Bruisme, 10e du nom, avait une saveur particulière cette année, à l’heure où la culture semblait devoir rester sous cloche indéfiniment.
Calibré pour obéir aux tristes girouettes médiatico-politico-pandémiques, le rendez-vous annuel pictavien des musiques dites contemporaines, expérimentales et/ou improvisées fit preuve une fois encore, et peut-être plus qu’à l’accoutumée, d’une belle créativité dans la construction de parcours sonores ouverts aux quatre vents, tant musicaux que scénographiques.
Si une partie du public était de toute évidence acquis à la cause, un certain nombre de spectateurs semblaient simplement avides de profiter d’une liberté retrouvée, faisant fi du réflexe de rejet accompagnant souvent des formes d’expression artistique moins « facile d’accès » pour retrouver le plaisir de l’expérience et des émotions partagées.

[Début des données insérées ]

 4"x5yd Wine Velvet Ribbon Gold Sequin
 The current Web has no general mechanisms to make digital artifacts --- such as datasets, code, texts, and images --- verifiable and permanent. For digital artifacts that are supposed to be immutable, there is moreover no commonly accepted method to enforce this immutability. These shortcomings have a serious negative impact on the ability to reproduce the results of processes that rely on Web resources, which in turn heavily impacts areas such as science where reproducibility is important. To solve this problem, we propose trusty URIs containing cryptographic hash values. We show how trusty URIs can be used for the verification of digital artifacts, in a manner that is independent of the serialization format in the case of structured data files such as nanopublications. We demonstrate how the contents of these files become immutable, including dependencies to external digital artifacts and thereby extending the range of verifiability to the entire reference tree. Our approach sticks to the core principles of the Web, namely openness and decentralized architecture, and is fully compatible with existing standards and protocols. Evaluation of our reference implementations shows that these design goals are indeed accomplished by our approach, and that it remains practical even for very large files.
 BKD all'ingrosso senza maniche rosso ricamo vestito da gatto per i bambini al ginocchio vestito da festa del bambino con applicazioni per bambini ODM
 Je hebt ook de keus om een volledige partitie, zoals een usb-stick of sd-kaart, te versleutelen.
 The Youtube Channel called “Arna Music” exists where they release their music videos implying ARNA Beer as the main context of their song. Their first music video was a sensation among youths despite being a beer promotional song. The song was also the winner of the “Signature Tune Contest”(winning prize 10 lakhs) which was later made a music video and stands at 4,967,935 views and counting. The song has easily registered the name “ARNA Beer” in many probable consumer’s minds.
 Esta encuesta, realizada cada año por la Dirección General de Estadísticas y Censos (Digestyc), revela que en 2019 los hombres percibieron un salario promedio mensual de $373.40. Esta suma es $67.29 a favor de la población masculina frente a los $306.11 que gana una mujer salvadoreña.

Jouant à plein de l’Oulipo sanitaire, le programme 2021 offrait donc aux curieux autant qu’aux amateurs un choix de lieux éclectiques,… de la base arrière de l’association Jazz à Poitiers au Confort Moderne, à l’emblématique dôme du Lieu multiple, en passant par la friche des Usines de Ligugé ou l’église Sainte-Radegonde, le palais des ducs d’Aquitaine et quelques lieux surprise.

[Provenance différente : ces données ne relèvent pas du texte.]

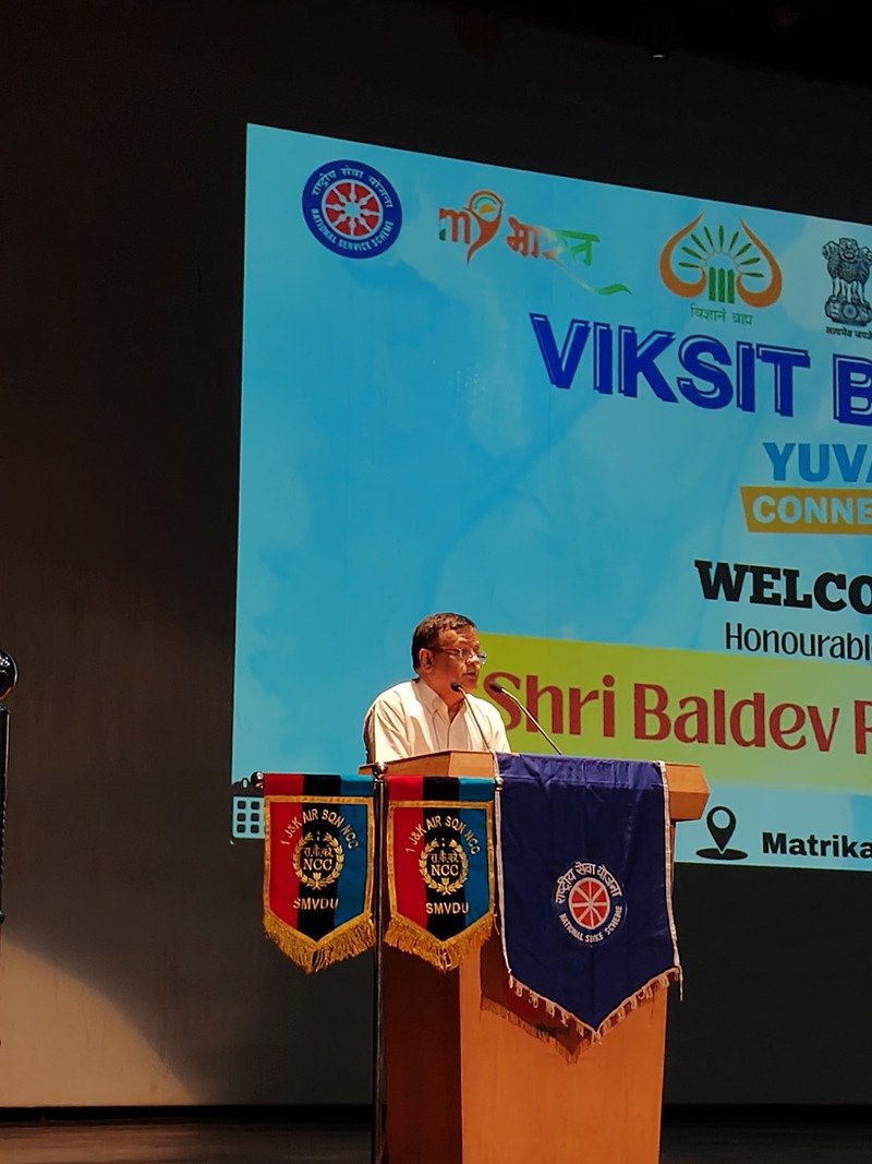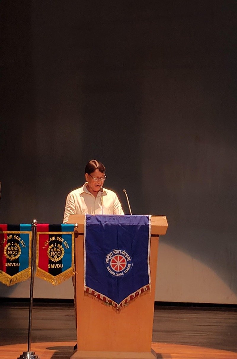 Sh. Baldev Raj Sharma, Hon’ble Member of the Legislative Assembly, Jammu and Kashmir, graced the occasion as the Chief Guest, inspiring students with his motivating words on the role of youth in shaping a developed India. Prof. Pragati Kumar, Hon’ble Vice-Chancellor, SMVDU, also addressed the gathering and encouraged students to actively engage in nation-building activities through creative and intellectual contributions.

Côté musique, puisque c’est bien de cela dont il s’agit avant tout, la surprise ou la délectation (selon le degré de pratique de cette sphère d’expression artistique) résidait dans un éventail de « linguistes sonores » détournant et repoussant les limites et usages de leurs instruments… Dignes descendants (revendiqués ou non) des recherches du GRM de Pierre Schaeffer dont les travaux ont contribué à l’émergence d’un vocabulaire électroacoustique, nous retiendrons surtout Timothée Quost, Jean-Brice Godet, Julien Chamla, Anthony Laguerre, et le quartet champollionnien d’Emilie Skrijlej, Stéphane Clor, Armand Lesecq, Tom Malmendier.

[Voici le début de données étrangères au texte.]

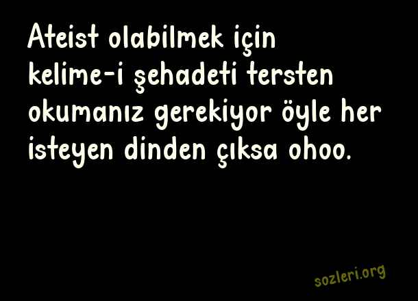 Ateist olabilmek için kelime-i şehadeti tersten okumanız gerekiyor öyle her isteyen dinden çıksa ohoo. ( Komik Sözler )
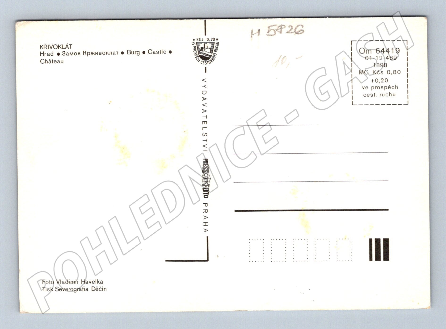 Originální pohlednice s motivem hradu Křivoklát, jednoho z nejstarších a nejvýznamnějších českých královských hradů. Pohlednice zachycuje malebný pohled na hradní areál obklopený lesy a věž s charakteristickou červenou střechou. Na zadní straně jsou informace o objektu v několika jazycích a tištěné údaje o vydavateli. Stav pohlednice je velmi dobrý, čistá, bez popisu, vhodná do sbírky, pro milovníky českých památek nebo k zaslání.
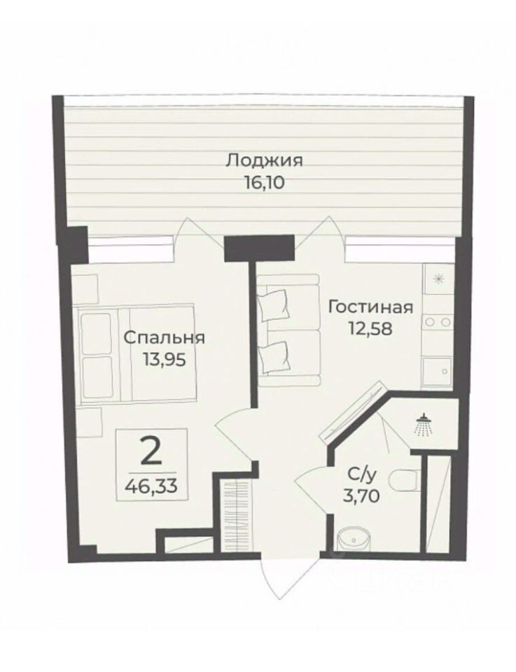 Общая площадь46,33 м²
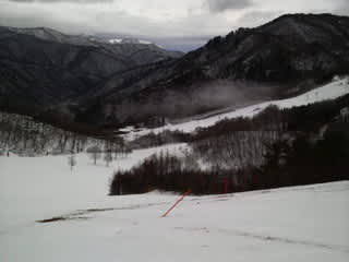 コースは、週末からはそれほど雪が減った感じはなく、雪のあるところと無いところがハッキリしていてちゃんと滑れたりする。あぁ、でも、固くて、いろんなところにウェーブがあるな。

Nul besoin d’être érudit ou inconditionnel de ces excursions musicales parfois jugées trop abstraites, hermétiques voire abracadabrantesques. Il suffisait, comme il le suffit en général, de se donner la chance de… de se laisser porter, ou bercer quand c’est pertinent, pour entrer de plain-pied dans l’univers des possibles avec un panel d’artistes dont les créations musicales sont de véritables portes ouvertes sur des musiques plus bruitistes, savantes, electro, ou, simplement, échappant à la simple et galvaudée étiquette free jazz. C’est ce que Bruisme propose et proposait avec cette édition un peu spéciale au sortir d’un confinement culturel qui n’avait que trop duré.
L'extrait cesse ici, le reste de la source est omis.